For astute tactics executed with judgment and determination, few Olympic marathon winners have been more deserving than Johnny Hayes. Next day, after the awards ceremony, he was carried off the track on a table held by six American teammates, with “the Greek trophy” awarded for the marathon, a statue apparently representing the dying Pheidippides. Pietri had been carried off on a stretcher. But he did not die. He was taken to a hospital where he recovered quite quickly. The New York Times says he “was almost too weak to answer questions when seen tonight [after the race],” but the next day he looks quite perky in the picture where he is receiving his big gold cup from Queen Alexandra. The New York Times said he “walked briskly around the track and up the steps,” which is more than I could ever do the day after a marathon. The Italian hero received “‘a perfect ovation, the people rising in their seats and cheering him for fifteen minutes.” The American part of the crowd “kept up the demonstration long after the others had quieted down” (New York Times).

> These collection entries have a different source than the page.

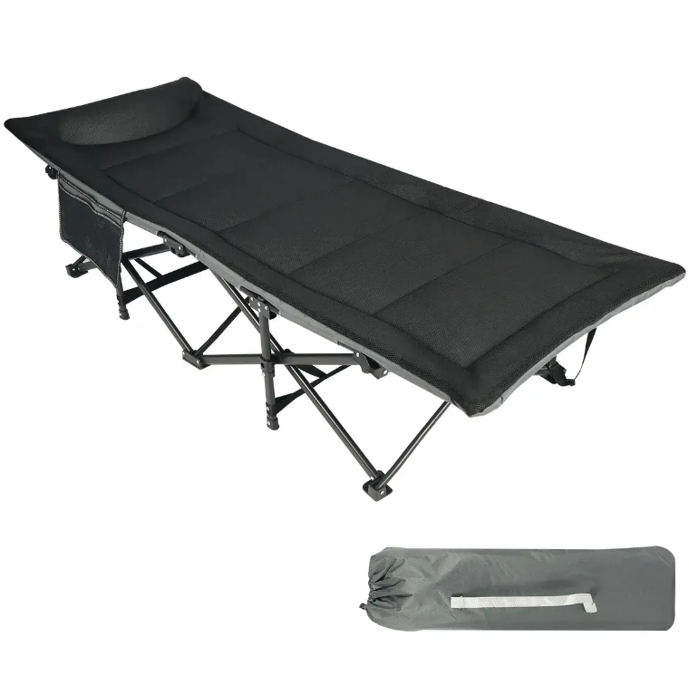 Міцна конструкція: металевий каркас гарантує довговічність і стійкість.Міцна конструкція:Компактність: у складеному вигляді займає мінімум місця та зручна для транспортування.Компактність:Легкість: невелика вага дозволяє легко переносити розкладачку.Легкість:Комфортне спальне місце: підходить для повноцінного відпочинку поза домом.Комфортне спальне місце:Матеріали: зносостійке полотно, стійке до навантажень і зовнішніх умов.Матеріали:Переваги:
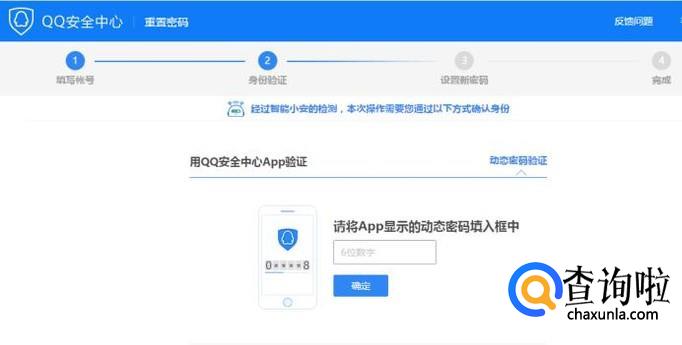 将手机QQ安全中心APP中的动态密码填写进输入框中,点击“确定”按钮。
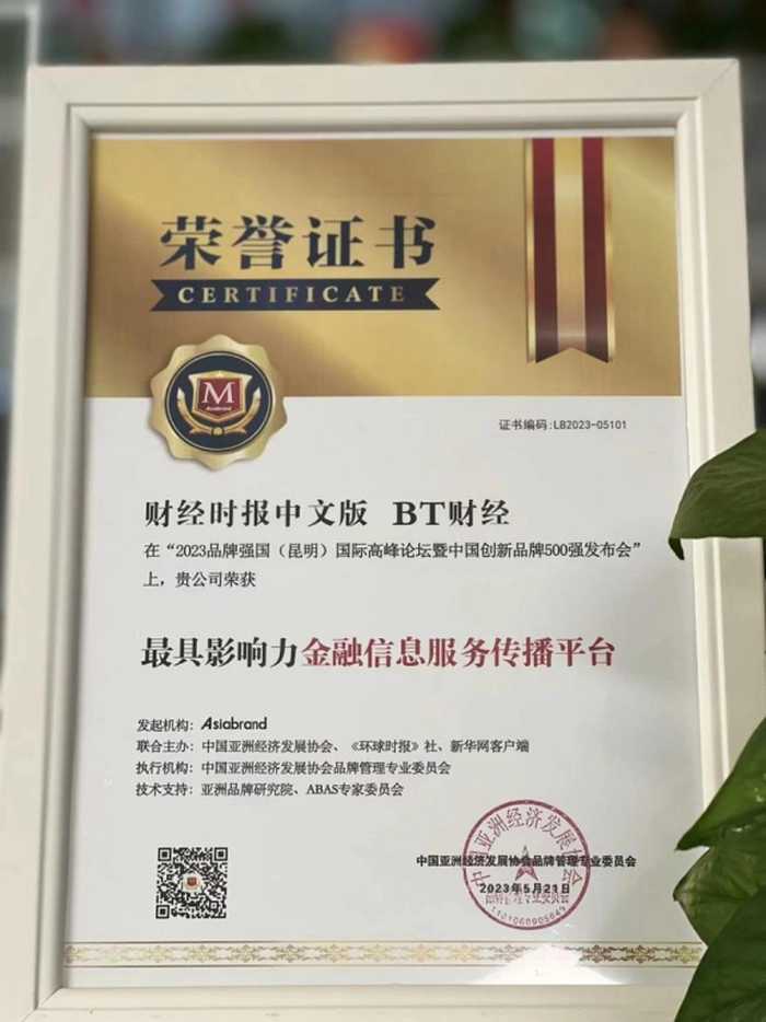 2023年5月21日,在昆明举行的2023品牌强国(昆明)国际高峰论坛上,BT财经作为唯一一家数据平台参加了会议,并在随后的颁奖典礼上被品牌强国论坛组委会和中国亚洲经济发展协会品牌管理专业委员会共同评选为“最具影响力的金融信息服务传播平台”。
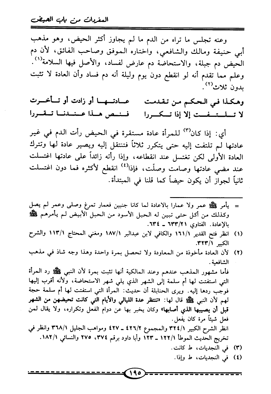 أي: إذا كان (¬3) للمرأة عادة مستقرة في الحيض رأت الدم في غير عادتها لم تلتفت إليه حتى يتكرر ثلاثًا فتنتقل إليه ويصير عادة لها وتترك العادة الأولى لكن تغتسل عند انقطاعه، وإذا رأته زائدًا على عادتها اغتسلت عند مضي عادتها وصامت وصلّت، فإذا (¬4) انقطع لأكثره فما دون اغتسلت ثانيًا لجواز أن يكون حيضًا كما قلنا في المبتدأة.
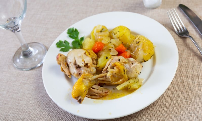 - מוסיפים פרוסות תפוחי אדמה קלופות, חצאי גזר וכוס מים חמים.

4 Tactics, judgment, determination, and modesty: American teammates carry Johnny Hayes in deserved triumph, with the “Greek trophy.”

THE NOBLEST ROMAN OF THEM ALL

The Brits also took the little Italian to their hearts. He became a symbol of gallantry and of noble breeding. Conan Doyle pronounced portentously, “No Roman of the prime ever bore himself better than Dorando. … The great breed is not yet extinct.” Ifit seems a bit of a stretch to dress up the sweaty little smalltown cake maker in a toga as one of the noblest Romans of them all, well, the Brits in 1908 believed in “great breeds,” especially their own, and saw themselves as inheritors of Rome’s imperial destiny. It’s also possible that some of this spin campaign to apotheosize Pietri as the true winner of the marathon might have been meant to take the smile off the Americans’ faces.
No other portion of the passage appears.